2016-06-30

After a decade and a half of apartment living, last year was my first as a gardener in earnest. My backyard, not much bigger than a picnic blanket, is flagstone except for an odd patch of earth off to one side. I planted what I could there and put the rest in containers. With each seedling, each handful of (borrowed) compost, I was certain I was doing everything wrong.

Sure enough, six bushy tomato plants produced exactly two knobby green fruit, good for a salad garnish at best; the basil grew woody-stemmed and tiny-leaved (forget homemade pesto); the sedum got trampled by the dog.

But when I stepped outside at night, the scented geranium infused the air with lemony smells, the sweet alyssum spilled from pots like sea foam, the moonflowers hovered on the fence as luminous as milk glass. I'd made mistakes, yes, but what thrived was enough to make opening the kitchen door a celebration.

Joyce McGreevy understands this journey from uncertainty to surprise. As she recounts in "Gardening by Heart: The Extraordinary Gift of an Ordinary Garden," she too has begun a garden with little more than some shaky self-confidence.

"Now and then," McGreevy recalls, "I would start a garden, with no clue as to what grew well where, enjoying a fortnight of ill-tended verdure before the brown reality set in. Invariably, I concluded that I was just not a gardener and had best leave the mysterious art to its natural-born initiates."

And then her mother--a gardener--died, and nothing was the same. An uncle suggested McGreevy take a cutting from one of her mother's plants. She chose rosemary, "the scent of which has, even now, the power to conjure up my mother's kitchen in vivid detail, right down to the feel of the Irish linen tablecloth and the companionable music of my parents' conversation."

Rosemary, she learned later, is traditionally the herb of remembrance. "The lessons of the garden," she writes of this discovery, "had begun."

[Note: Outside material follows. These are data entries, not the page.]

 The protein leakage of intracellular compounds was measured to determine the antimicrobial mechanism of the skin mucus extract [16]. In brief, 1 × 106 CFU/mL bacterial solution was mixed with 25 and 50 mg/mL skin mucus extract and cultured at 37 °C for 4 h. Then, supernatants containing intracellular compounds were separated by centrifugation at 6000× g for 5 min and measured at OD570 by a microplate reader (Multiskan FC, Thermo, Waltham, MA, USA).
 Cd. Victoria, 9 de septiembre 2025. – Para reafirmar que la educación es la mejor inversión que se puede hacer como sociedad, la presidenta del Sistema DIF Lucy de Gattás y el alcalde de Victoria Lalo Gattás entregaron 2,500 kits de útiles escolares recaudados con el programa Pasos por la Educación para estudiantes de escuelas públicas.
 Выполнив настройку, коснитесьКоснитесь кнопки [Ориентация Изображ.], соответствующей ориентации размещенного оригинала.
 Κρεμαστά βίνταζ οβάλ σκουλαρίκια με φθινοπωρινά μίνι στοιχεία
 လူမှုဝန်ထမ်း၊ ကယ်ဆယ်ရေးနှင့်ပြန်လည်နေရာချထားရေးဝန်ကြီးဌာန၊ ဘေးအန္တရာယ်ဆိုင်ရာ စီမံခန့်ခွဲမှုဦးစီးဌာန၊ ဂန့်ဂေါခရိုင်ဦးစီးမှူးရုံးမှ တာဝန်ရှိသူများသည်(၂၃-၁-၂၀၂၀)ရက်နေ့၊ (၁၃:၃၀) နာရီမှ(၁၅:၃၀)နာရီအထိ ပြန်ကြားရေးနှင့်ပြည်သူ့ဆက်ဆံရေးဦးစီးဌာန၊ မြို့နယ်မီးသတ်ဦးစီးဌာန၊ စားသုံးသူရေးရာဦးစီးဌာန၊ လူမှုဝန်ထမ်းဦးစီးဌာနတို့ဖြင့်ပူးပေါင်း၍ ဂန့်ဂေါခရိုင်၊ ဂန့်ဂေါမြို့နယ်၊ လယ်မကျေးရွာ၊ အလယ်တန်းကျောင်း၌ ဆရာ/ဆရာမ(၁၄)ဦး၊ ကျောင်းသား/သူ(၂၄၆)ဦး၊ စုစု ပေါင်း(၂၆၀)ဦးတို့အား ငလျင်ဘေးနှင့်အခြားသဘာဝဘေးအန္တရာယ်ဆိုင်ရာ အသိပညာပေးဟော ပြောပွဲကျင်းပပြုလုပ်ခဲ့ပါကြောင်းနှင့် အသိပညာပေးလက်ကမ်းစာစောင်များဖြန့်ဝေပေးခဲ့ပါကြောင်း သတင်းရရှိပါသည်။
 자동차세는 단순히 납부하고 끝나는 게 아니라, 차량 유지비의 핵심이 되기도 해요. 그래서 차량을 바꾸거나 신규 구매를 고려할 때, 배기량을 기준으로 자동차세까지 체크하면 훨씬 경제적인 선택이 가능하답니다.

It's lessons such as this--a plant can connect us with people as much as with the earth, indeed it can heal--that McGreevy passes along in her encouraging, humorous, and beautifully written tribute to the ability of a garden to transform perception, ground one's being, and offer solace and rejuvenation to the soul.

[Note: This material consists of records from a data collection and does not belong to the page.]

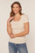 Elevate your everyday style with our Cream Ribbed Square Neck T-Shirt. Crafted from soft, breathable fabric, this top features a flattering square neckline that adds a touch of elegance to a classic silhouette. The ribbed texture enhances comfort and stretch, ensuring a perfect fit throughout the day. Its versatile cream hue pairs effortlessly with jeans, skirts, or layered under jackets for any season. With short sleeves and a sleek, form-fitting design, this tee is a must-have staple for your wardrobe—combining simplicity with chic for a timeless look you'll reach for again and again.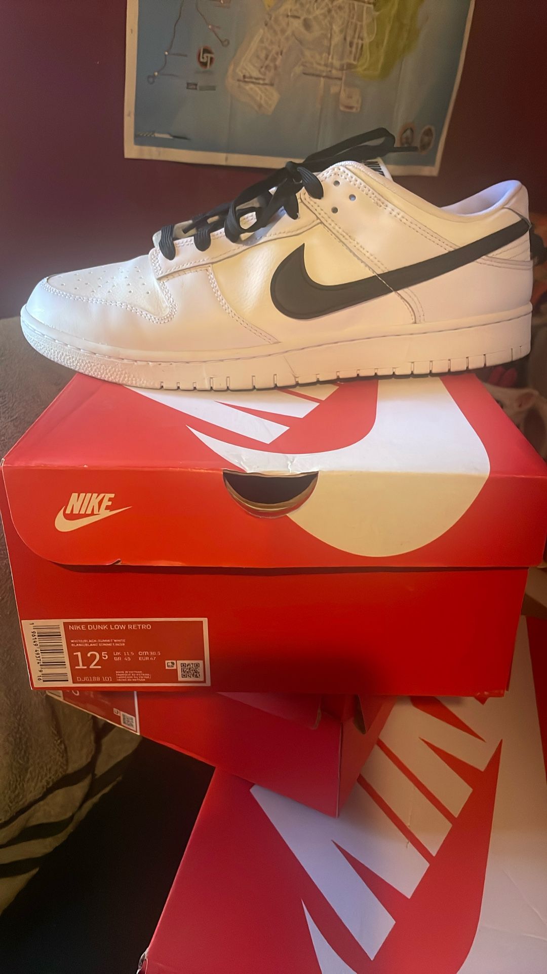 Hi I have a pair of Nike Dunks 12.5 Men Worn 1x Original Box Open to trades or just cash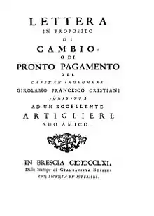- Lettera in proposito di cambio, o di pronto pagamento. Brescia: Giambattista Bossini. 1761.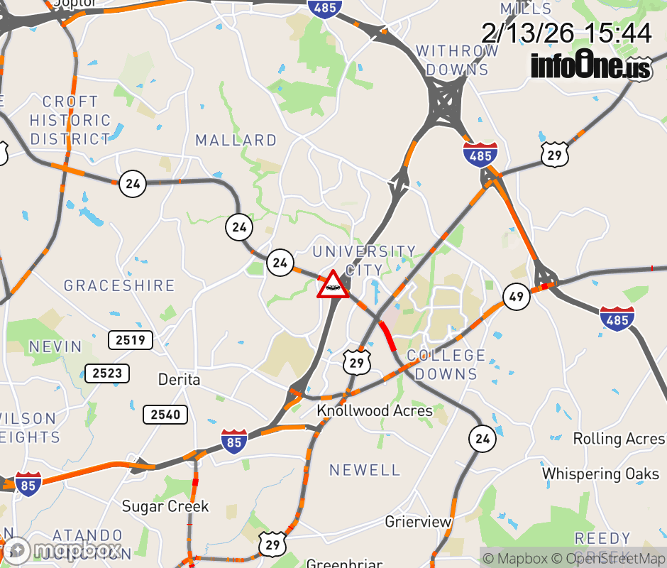 The two left lanes are closed on W.T. Harris Blvd. at I-85. Updated: Fri 2/13/26 3:44 PM EST ![]() Updated: Fri 2/13/26 3:44 PM EST |

"A garden is whatever you can raise," she says in one of her gentle cheers. "It is that place of conscious relationship with nature in which one becomes apprentice and steward to what grows."

While McGreevy clearly knows her viburnum from her verbena by now, this isn't a how-to book in any sense that would make readers feel inadequate or overwhelmed. As far as she's concerned, if you don't know how to cut back a rose bush, you'll learn--by trial and error, taking a class, or reading another book. More important is that you get out in the garden, if you have one, or create one, if only on a windowsill or in a pot.

"The point of all this," she writes, "is that somewhere in your gardening repertoire, as in the wider garden of your life, lies the wonder plant whose magic precisely matches your ability to tend it. A friend of mine insists that she is not a gardener because the only things she can grow are petunias. But I guarantee you've never seen petunias until you've seen these petunias."

McGreevy doesn't push the "wider garden of your life" metaphor to the straining point. She's equally interested in practicalities--from recipes, enjoyed outdoors if possible ("When was the last time you heard someone reminiscing fondly about the magical evenings they spent eating take-out pizza in front of the TV?"), to suggestions for getting children interested in tending the earth, such as sending seed packets as gifts instead of money.

Gardening, McGreevy concludes, "speaks to a deep-seated (deep-seeded?) desire to experience the real, the essential, the astonishingly possible. To garden is gradually to give up control, to fall literally to one's knees and come into closer and closer contact with the tremendous and often bewildering beauty of the living world."

As good a definition of encountering the sacred as any I've seen.